A group of engineers from the Swiss Federal Institute of Technology Lausanne, specifically in their Nanoelectronic Devices Laboratory, have developed a special chip that can determine the levels of cortisol in a human body by reading sweat. The chip contains a special graphene transistor that can bind to cortisol present in sweat to determine how much of it a body is secreting, which by extension, can give insight into how much stress someone is under.

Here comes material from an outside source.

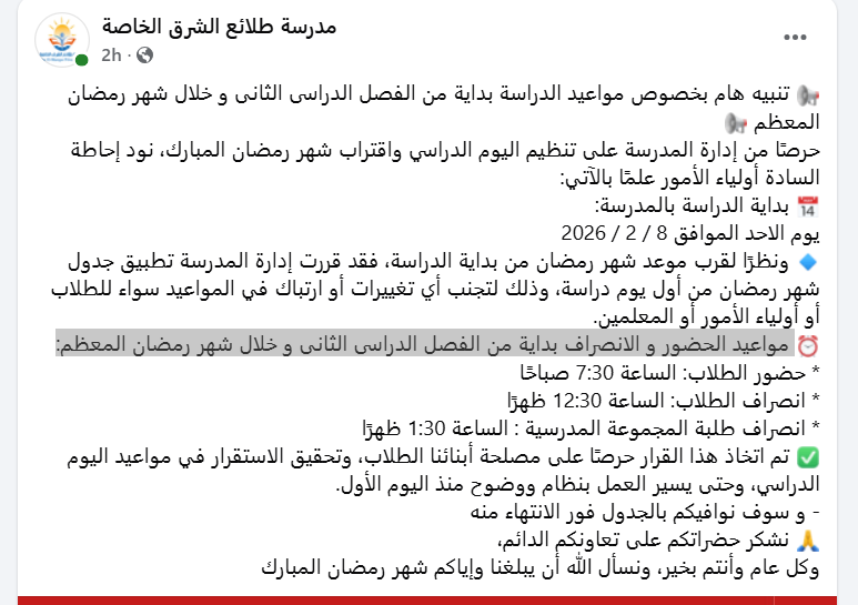 وفي السياق نفسه، حسمت إحدى المدارس الخاصة في المرج مواعيد الدراسة في شهر رمضان 2026، حيث تقرر:
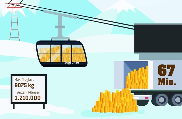 Denn in 1-Euro-Münzen umgerechnet, wären 56 Fahrten mit der Seilbahn an der Zugspitze notwendig, um den 67 Millionen Jackpot an die Bergspitze zu transportieren. Bei einem Gewicht von 7,5 Gramm pro Euro-Münze wären rund 1,21 Millionen Münzen pro Seilbahnfahrt denkbar. Zum Glück ist das aber nur eine Beispielrechnung.

“Until now there has been no way to quantify stress levels in an objective manner,” EPFL said in an announcement. “This creation has the potential to change that.”

Credit: Unsplash

Using this new chip as a base, the engineers are aiming to create a new generation of wearable devices that could monitor someone’s stress levels on the fly, providing warnings and advisements when their cortisol levels are out of whack. “That’s the key advantage and innovative feature of our device. Because it can be worn, scientists can collect quantitative, objective data on certain stress-related diseases. And they can do so in a non-invasive, precise and instantaneous manner over the full range of cortisol concentrations in human sweat,” Nanolab head Adrian Ionescu said.

The engineers are currently working with Lausanne University Hospital to test the chip on human patients, with an emphasis on those that suffer from stress and cortisol-related condtions.